TRY IT: In your reply, repeat the full listing exactly and leave each picture out.

━━━ INFORMATION SHOWN

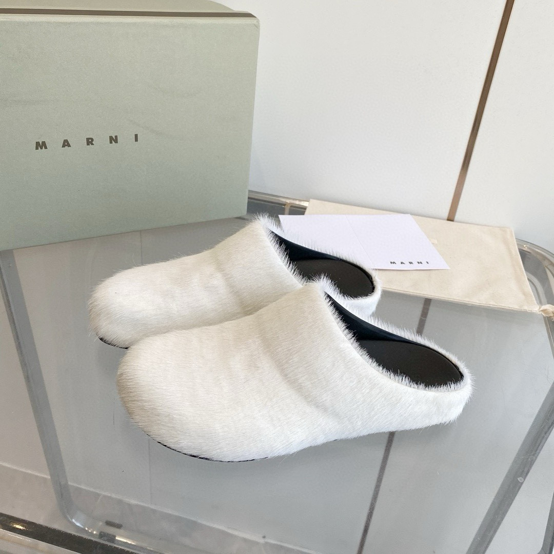 Marni Long Haircalfskin Fussbett Sabot White
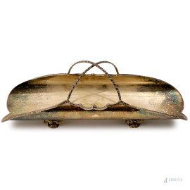 • Lot n° 0231 Portagrissini in argento pggiante su quattro piedini lavorati a cesello, XX secolo, cm 9,5x24,5x8, gr. 230
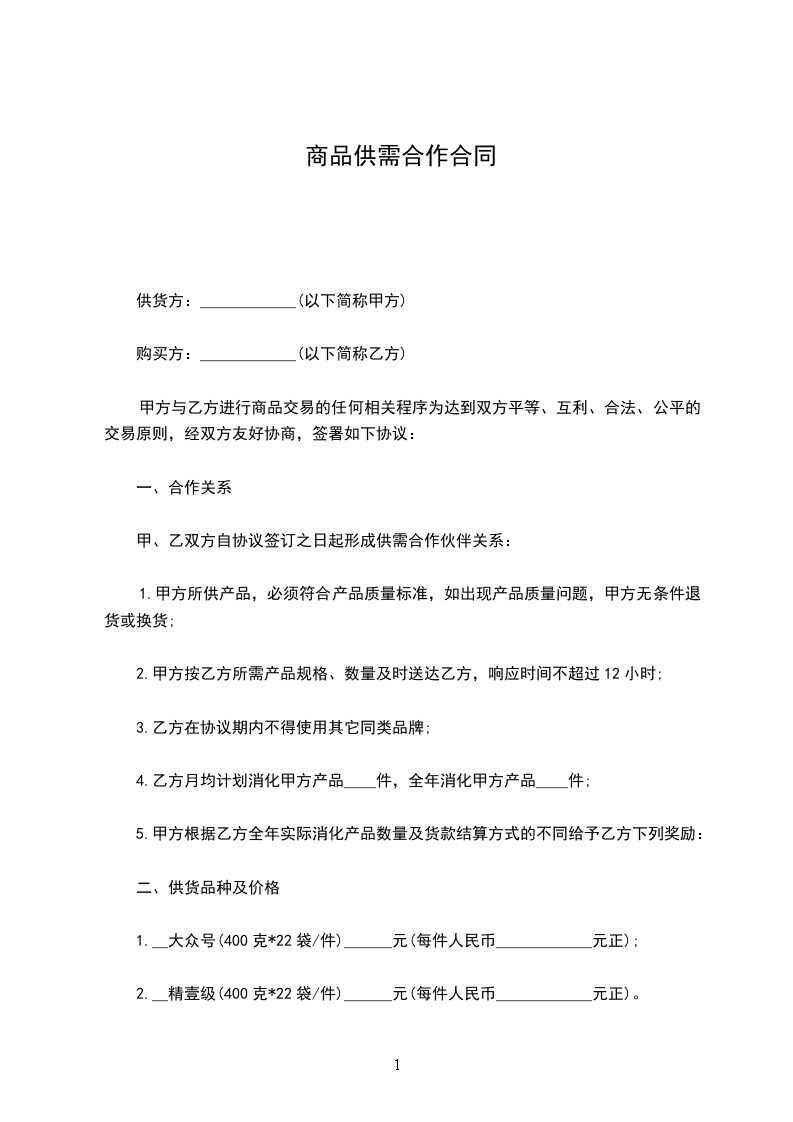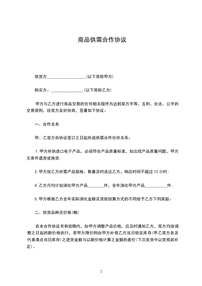1.甲方所供产品,必须符合产品质量标准,如出现产品质量问题,甲方无条件退货或换货;
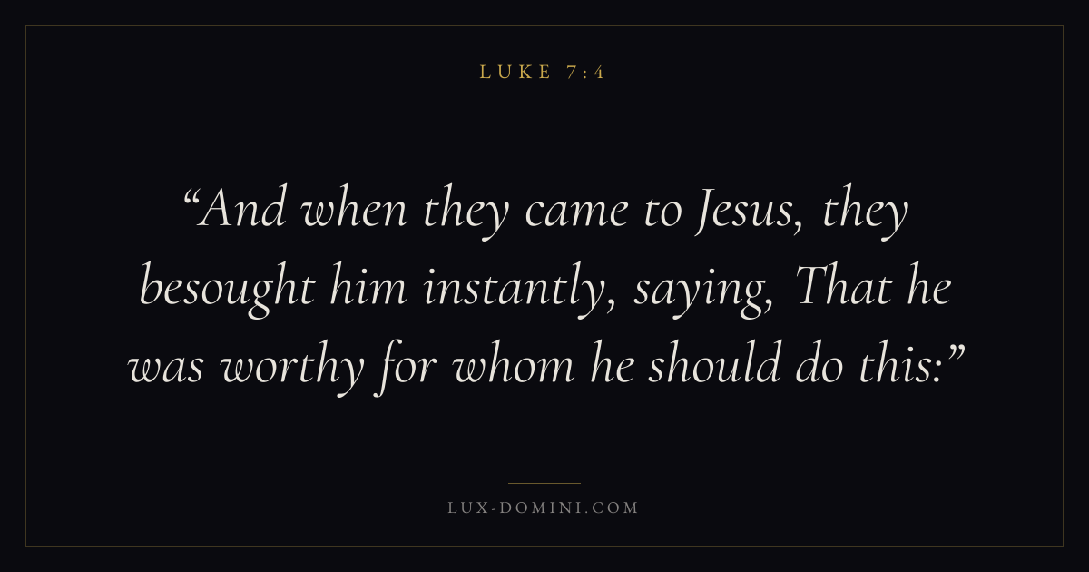 And when they came to Jesus, they besought him instantly, saying, That he was worthy for whom he should do this:
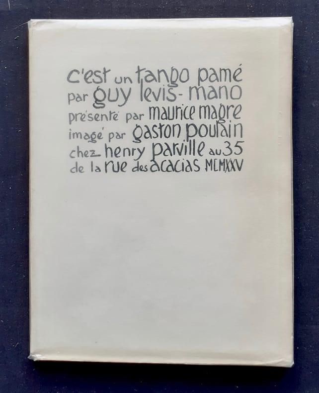 Paris : Henry Parville, décembre 1925. Un volume (23,2x17,7cm) broché, de (108) pages avec 8 dessins hors texte de Gaston Poulain reproduits au trait. Mention de seconde édition sur papier courant avec un envoi autographe signé et daté de Guy Lévis Mano. Bon état.
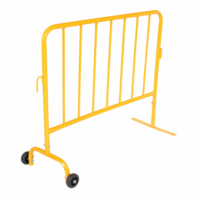 Vestil, PRAIL-48-Y-WF, Steel Crowd Control Interlocking Barrier with Feet (1) Wheeled (1) Flat, 47-1/2" Length, Yellow
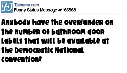 X says Anybody have the over/under on the number of bathroom door labels that will be available at the Democratic National Convention?
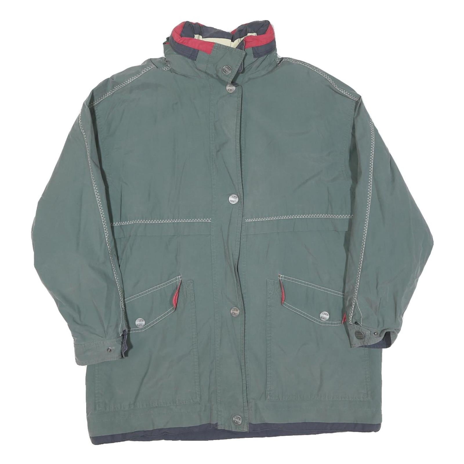 Mens Green Polyester Blend Jacket L Zip Casual Outerwear
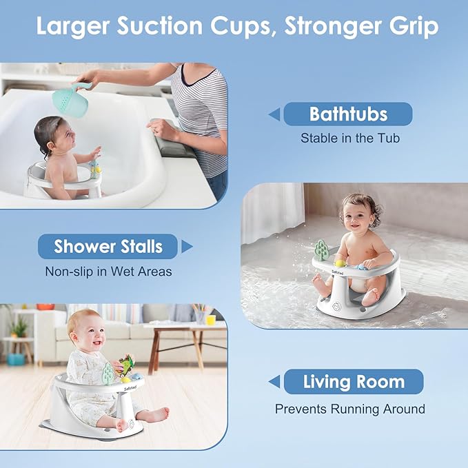 - Strong Suction Cups for Stability: The baby tub seat is equipped with four durable suction cups that provide exceptional stability by securely adhering to the bathtub surface. These strong suction cups ensure the bath chair baby stays firmly in place, preventing accidental slips or movement during use. This design prioritizes your baby's safety and allows parents to focus on creating a fun and relaxing bath experience without worry. A trusted bathtub seat for baby.
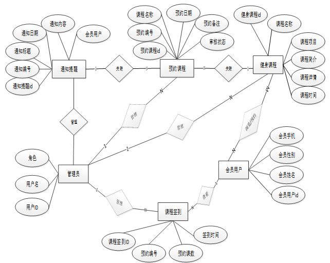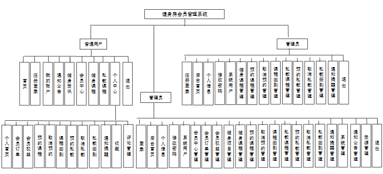 健身房会员管理系统包含会员用户、教练用户和管理员三个角色划分,每个角色对应的主要功能如下:
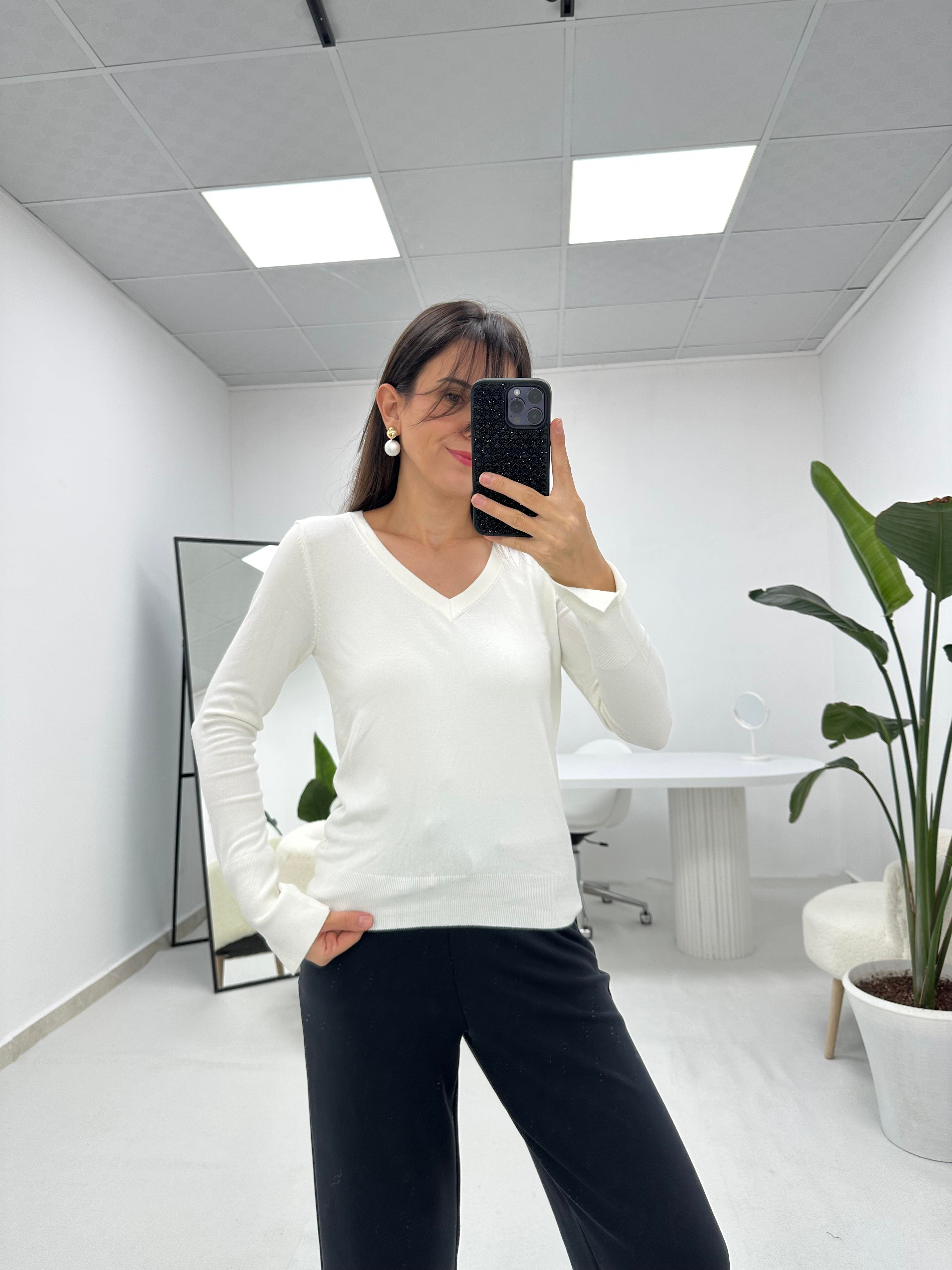 V Yaka Kol Detaylı Beyaz Triko Kazak
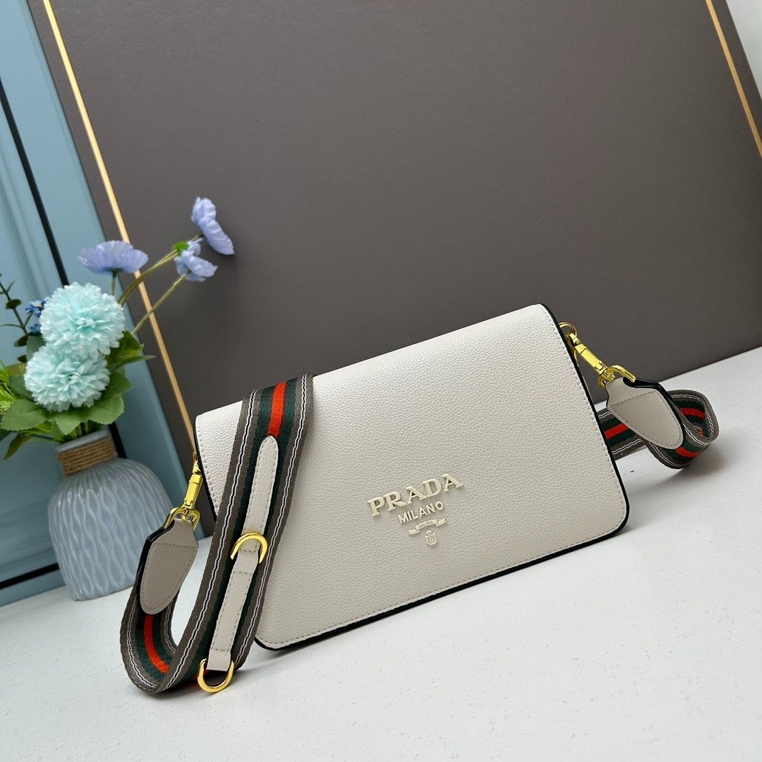 Introducing a medium-sized shoulder bag inspired by the sophisticated designs of Prada. This elegant piece features a refined and minimalist design, perfectly complemented by lustrous gold hardware.
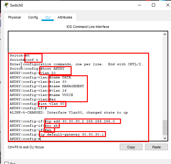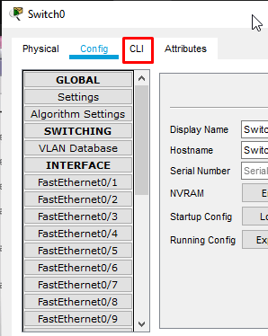 5. setelah sudah, tap perangkat switch pada media kerja/topologi kemudian akan muncul gambar seperti dibawah ini ! lakukan konfigurasi yang tertera pada gambar dibawah ini !
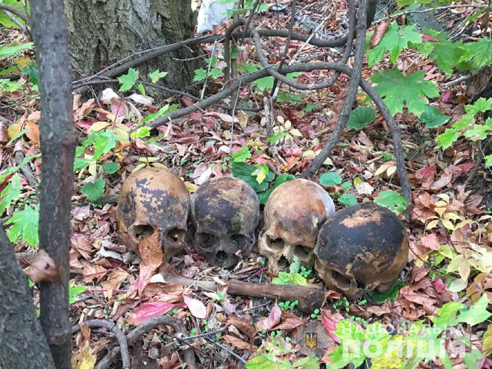 Потім він показав, де взяв черепи. Виявилось, що чоловік дістав їх зі старовинного склепу на кладовищі по вулиці Степовій. Там він і облаштував собі місце для ночівлі та тимчасово жив прямо у склепі. Співробітники поліції, які прибули на місце, виявили ще шість черепів, які громадянин розклав біля місця поховання.
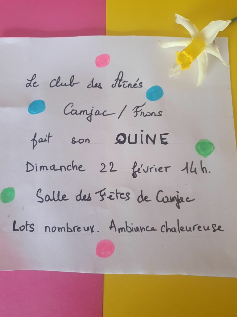 Camjac « quine » le 22 février à 14h Publication publiée :13 février 2026 Commentaires de la publication :0 commentaire Imprimer Vous devriez également aimer Naucelle « Quine » le 01 mars à 14h 22 février 2026 Flavin « Belote » le 06 février à 20h30 1 février 2026 St Laurent d’Olt « Après midi dansant » le 08 février à 14h30 3 février 2026 Laisser un commentaire Annuler la réponseCommentEnter your name or username to comment Enter your email address to comment Saisir l’URL de votre site (facultatif) Enregistrer mon nom, mon e-mail et mon site dans le navigateur pour mon prochain commentaire.

━━━━━━

YOUR SOLUTION:
 Marni Long Haircalfskin Fussbett Sabot White
 • Lot n° 0231 Portagrissini in argento pggiante su quattro piedini lavorati a cesello, XX secolo, cm 9,5x24,5x8, gr. 230
1.甲方所供产品,必须符合产品质量标准,如出现产品质量问题,甲方无条件退货或换货;
 And when they came to Jesus, they besought him instantly, saying, That he was worthy for whom he should do this:
 Paris : Henry Parville, décembre 1925. Un volume (23,2x17,7cm) broché, de (108) pages avec 8 dessins hors texte de Gaston Poulain reproduits au trait. Mention de seconde édition sur papier courant avec un envoi autographe signé et daté de Guy Lévis Mano. Bon état.
 Vestil, PRAIL-48-Y-WF, Steel Crowd Control Interlocking Barrier with Feet (1) Wheeled (1) Flat, 47-1/2" Length, Yellow
 X says Anybody have the over/under on the number of bathroom door labels that will be available at the Democratic National Convention?
 Mens Green Polyester Blend Jacket L Zip Casual Outerwear
 - Strong Suction Cups for Stability: The baby tub seat is equipped with four durable suction cups that provide exceptional stability by securely adhering to the bathtub surface. These strong suction cups ensure the bath chair baby stays firmly in place, preventing accidental slips or movement during use. This design prioritizes your baby's safety and allows parents to focus on creating a fun and relaxing bath experience without worry. A trusted bathtub seat for baby.
 健身房会员管理系统包含会员用户、教练用户和管理员三个角色划分,每个角色对应的主要功能如下:
 V Yaka Kol Detaylı Beyaz Triko Kazak
 Introducing a medium-sized shoulder bag inspired by the sophisticated designs of Prada. This elegant piece features a refined and minimalist design, perfectly complemented by lustrous gold hardware.
 5. setelah sudah, tap perangkat switch pada media kerja/topologi kemudian akan muncul gambar seperti dibawah ini ! lakukan konfigurasi yang tertera pada gambar dibawah ini !
 Потім він показав, де взяв черепи. Виявилось, що чоловік дістав їх зі старовинного склепу на кладовищі по вулиці Степовій. Там він і облаштував собі місце для ночівлі та тимчасово жив прямо у склепі. Співробітники поліції, які прибули на місце, виявили ще шість черепів, які громадянин розклав біля місця поховання.
 Camjac « quine » le 22 février à 14h Publication publiée :13 février 2026 Commentaires de la publication :0 commentaire Imprimer Vous devriez également aimer Naucelle « Quine » le 01 mars à 14h 22 février 2026 Flavin « Belote » le 06 février à 20h30 1 février 2026 St Laurent d’Olt « Après midi dansant » le 08 février à 14h30 3 février 2026 Laisser un commentaire Annuler la réponseCommentEnter your name or username to comment Enter your email address to comment Saisir l’URL de votre site (facultatif) Enregistrer mon nom, mon e-mail et mon site dans le navigateur pour mon prochain commentaire.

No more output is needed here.